The court has considered KBIC's argument that Continental must show that it has not provided its defense as "a voluntary payment made with full knowledge of the facts" that it does not owe such coverage (Gimbel Bros. v Brook Shopping Ctrs. 118 AD2d 532, 535 [2d Dept 1986]), and it rejects this position without discussion. --------

The duty to defend exists whenever "the complaint alleges any facts or grounds which bring the action within the protection purchased" (Seaboard, 64 NY2d at 310 [emphasis supplied]; see Wausau, 145 AD3d at 617 ["the suggestion of a reasonable possibility of coverage" is sufficient]). Therefore, and for the reasons above, it is

ORDERED that the motion for summary judgment on the first and second causes of action, for breach of contract and declaratory judgment is granted; and it is further

ADJUDGED and DECLARED ordered that plaintiff's motion for summary judgement is granted, and it is further

ADJUDGED and DECLARED that KBIC has a duty to share in the defense of Value in Abbott Laboratories v Adelphia Supply USA (15-CV-5826 [SDNY]); and it is further

ORDERED that that portion of Continental's action that seeks the recovery of fees for half of its prior costs is severed and the issue of the amount plaintiff may recover against the defendant is set for an inquest on October 2, 2019 at 9:30 a.m. is further Dated: 5-29-2019

ENTER:

/s/ _________

HON. MELISSA A. CRANE, J.S.C.


Summaries of

Cont'l Cas. Co. v. KB Ins. Co.

SUPREME COURT OF THE STATE OF NEW YORK NEW YORK COUNTY - - PART 15
May 29, 2019
2019 N.Y. Slip Op. 31513 (N.Y. Sup.

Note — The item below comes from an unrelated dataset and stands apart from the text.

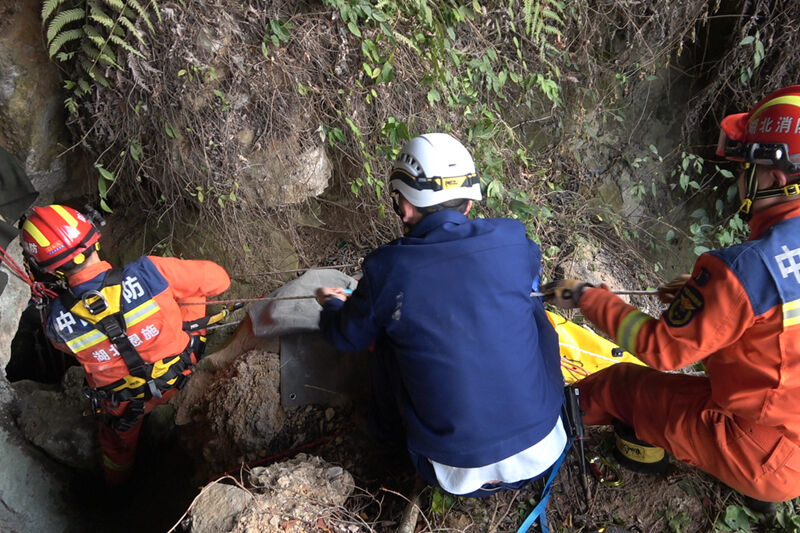 消防救援人员抵达现场后,经现场勘查确认:事发洞穴地处半山腰凹槽位置,被困人员坠落的洞口狭窄,宽度约1米,洞穴整体深度近百米。该男子坠落至洞内一处平台,距洞口约20米,意识清醒、生命体征平稳。但洞内乱石密布、岩壁陡峭湿滑,无任何可供攀爬的受力支点,垂直落差大,被困人员无法自主攀爬脱险。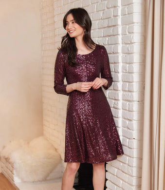 Twyla Three Quarter Sleeve Sequin Scoop Neck Fit & Flare Dress in Eggplant - Karen Kane 3L37511

Ct. 2019)
Case details for

Cont'l Cas. Co. v. KB Ins. Co.

Case Details

Full title:CONTINENTAL CASUALTY COMPANY, Plaintiff, v. KB INSURANCE CO., LTD. d/b/a…

Court:SUPREME COURT OF THE STATE OF NEW YORK NEW YORK COUNTY - - PART 15

Date published: May 29, 2019

Citations

2019 N.Y. Slip Op. 31513 (N.Y. Sup. Ct. 2019)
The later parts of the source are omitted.